6. An ode to clutter

Why so many of us get so attached to the small trinkets and treasures in our home that we just can’t get rid of. 

(The Atlantic, approx 6 mins reading time)

Other objects are small tributes to the people I’ve lost. In the first half of last year, my father, my husband’s father, and my grandfather all died for unrelated reasons. Their possessions have since trickled into our home. We haven’t yet figured out what to do with all of them. So for now, the dress shoes my husband’s father wore to our wedding take up space in our closet. My husband plans to donate them, but not yet. Sometimes the sight of them catches me off guard, and I wonder whether they are helping us heal or stopping us from moving on.

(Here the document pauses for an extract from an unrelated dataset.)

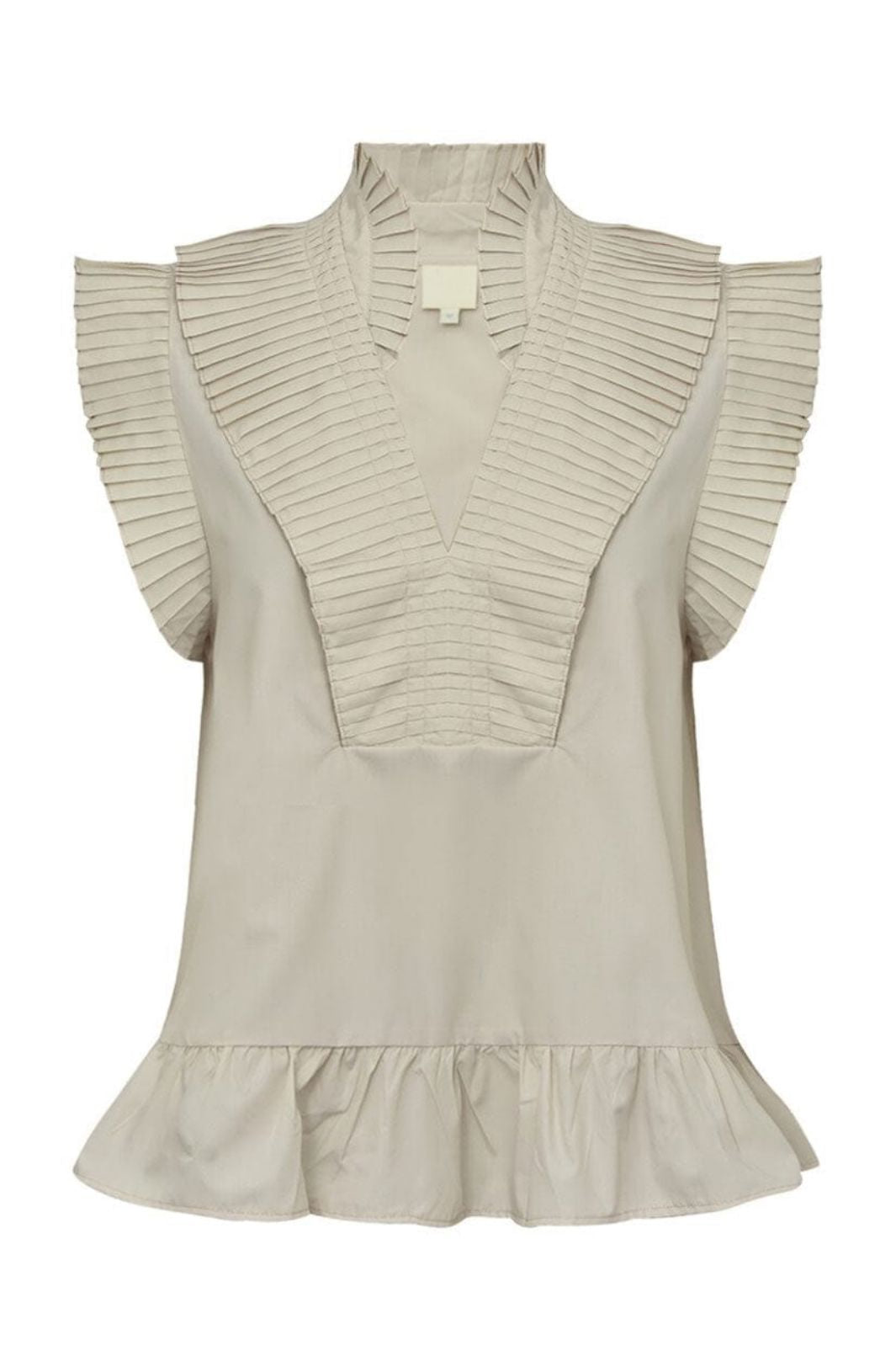 Cremefarvet top fra Gossia med A-facon og dyb V-udskæring. Toppen har plisserede flæser ved kraven, halsen og ærmegabet, der skaber en fin struktur.

…AND A CLASSIC FROM THE ARCHIVES… 

bruges-concrete-facade-of-modern-building Alamy Stock Photo Alamy Stock Photo

A longread from four years ago explores the destructive impact of concrete on the planet and on human health. 

(The Guardian, approx 21 mins reading time)

Taking in all stages of production, concrete is said to be responsible for 4-8% of the world’s CO2. Among materials, only coal, oil and gas are a greater source of greenhouse gases. Half of concrete’s CO2 emissions are created during the manufacture of clinker, the most-energy intensive part of the cement-making process. But other environmental impacts are far less well understood. Concrete is a thirsty behemoth, sucking up almost a 10th of the world’s industrial water use. This often strains supplies for drinking and irrigation, because 75% of this consumption is in drought and water-stressed regions. In cities, concrete also adds to the heat-island effect by absorbing the warmth of the sun and trapping gases from car exhausts and air-conditioner units – though it is, at least, better than darker asphalt.